I am creating a new Arduino based board, based on the Uno. It will be the same form factor as the Uno. It might become available to the public, so please don't submit an idea if you don't want it to be used in something that may be sold.
What would you do different if you were redesigning the Uno?
There are so many Uno clones available that it would not be worth producing your own
You would be better off producing a board with much the same functionality as the Uno with a smaller, breadboard friendly form factor and a range of your own shields. They do not even have to be the full size of the board
Whilst the Uno has been a success it is clumsy to use, the pin layout is non standard, there are not enough 5V and GND pins available and why LED_BUILTIN was not put on a PWM pin has always intrigued me
For my own use I designed and built a PCB into which is plugged a Nano.

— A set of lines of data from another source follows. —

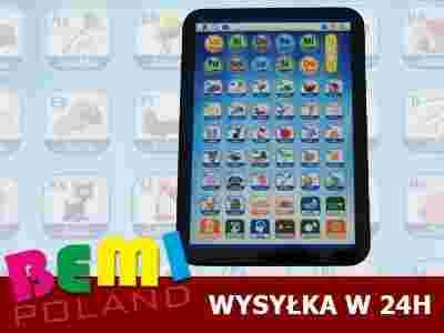Menu tableta jest w języku polskim, szeroki ekran wyraźnie wyświetla literki, obrazki cyferki,dzięki czemu dziecko bez problemu będzie mogło bawić się ucząc.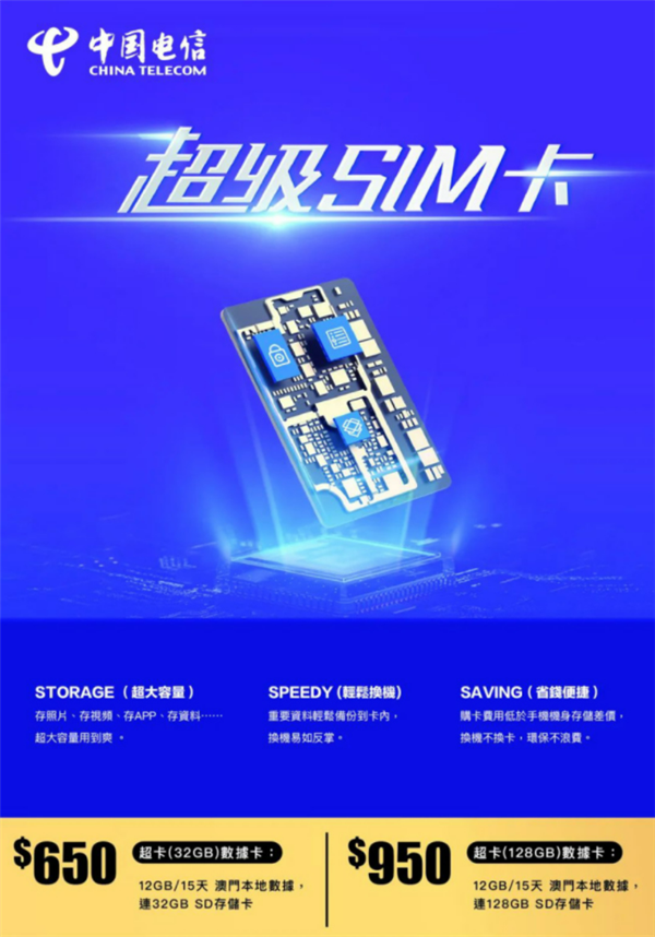 近日超级SIM卡在中国澳门正式上市,率先上市的有32GB和128GB两种容量规格,用户还可以选择中国电信(澳门)推出的“数据卡套餐”,既有大容量也有大流量。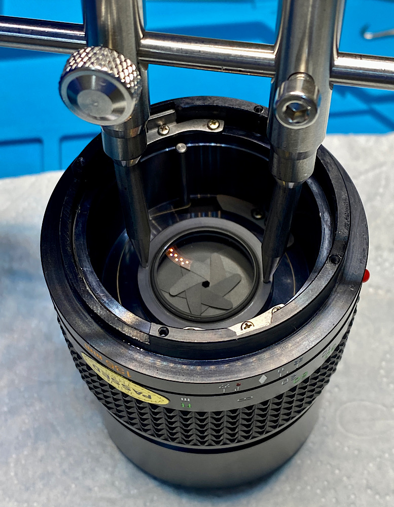 So sind beim Arbeiten an der Linse durch die Blendenöffnung die Blendenlamellen vor einer zuschnappenden „Blendenfalle“ geschützt, die sie verbiegen könnte.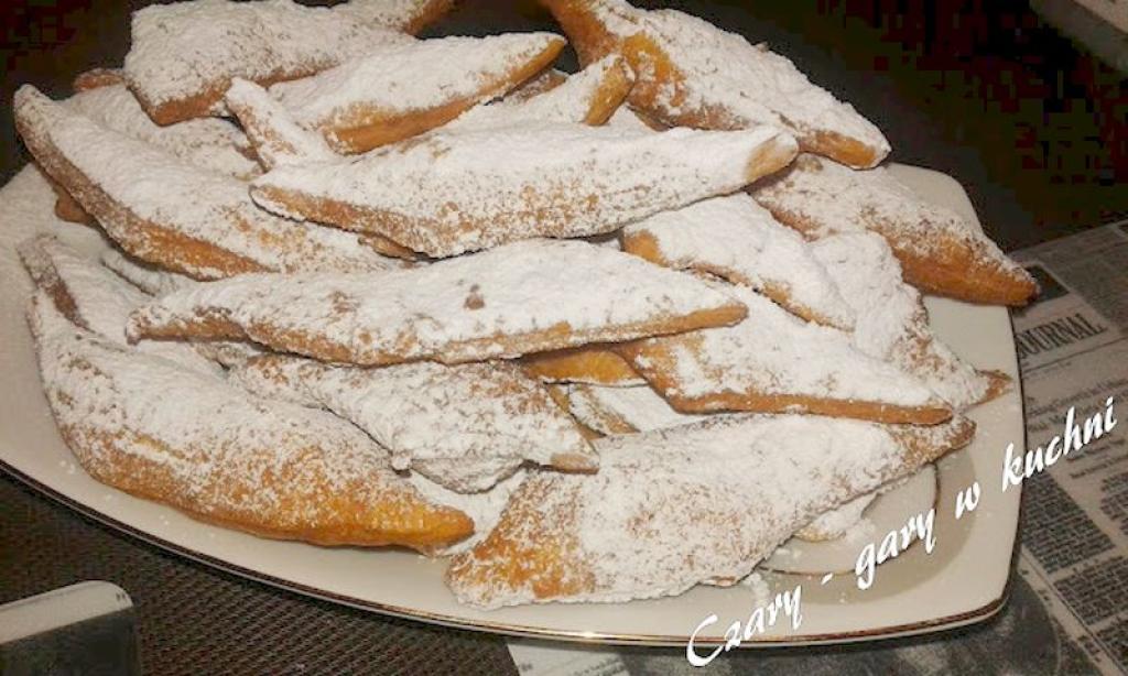 Mąkę mieszamy z proszkiem, dodajemy masło i delikatnie rozcieramy w dłoniach. Następnie dodajemy jajka i mleko i zagniatamy ciasto. Przykrywamy je ściereczką i zostawiamy na 10 minut. Po tym czasie stolnicę posypujemy delikatnie mąką i rozwałkowujemy ciasto na grubość ok. 0,5 cm, a następnie kroimy w romby. Po ok. 5 minutach wkładamy tawa - tawas na rozgrzany tłuszcz i smażymy na złoty kolor. Osączamy na ręczniku papierowym, a następnie obficie posypujemy cukrem pudrem.

The board contains 4 permanently connected buttons, 4 permanently connected LEDs on PWM pins and a permanently connected pot on A7
There is a 4x4 keypad on the PCB connected to pins of the Nano but unless the Keypad library is used they are free for general use
All of the free Nano pins are brought out to pin headers and there is a 5V and GND pin for each of them
The board has served me well for my own experiments and for providing help in the forum
I also have a similar board for the ESP32 but without the keypad, but added a 4 way voltage level shifter and an I2C connector into which an OLED screen can be plugged. Because the power pins of such screens varies in layout, power to its socket is set by jumpers as is the presence/absence of pullup resistors
Were I designing either board again I would incorporate 8 WS2812 LEDs too
But would you bother with a Nano at this point, or move to a processor from this decade? The Nano is long in the tooth, though I would agree for 95% of the things I think up to use it for in my world, it is still adequate, and so convenient.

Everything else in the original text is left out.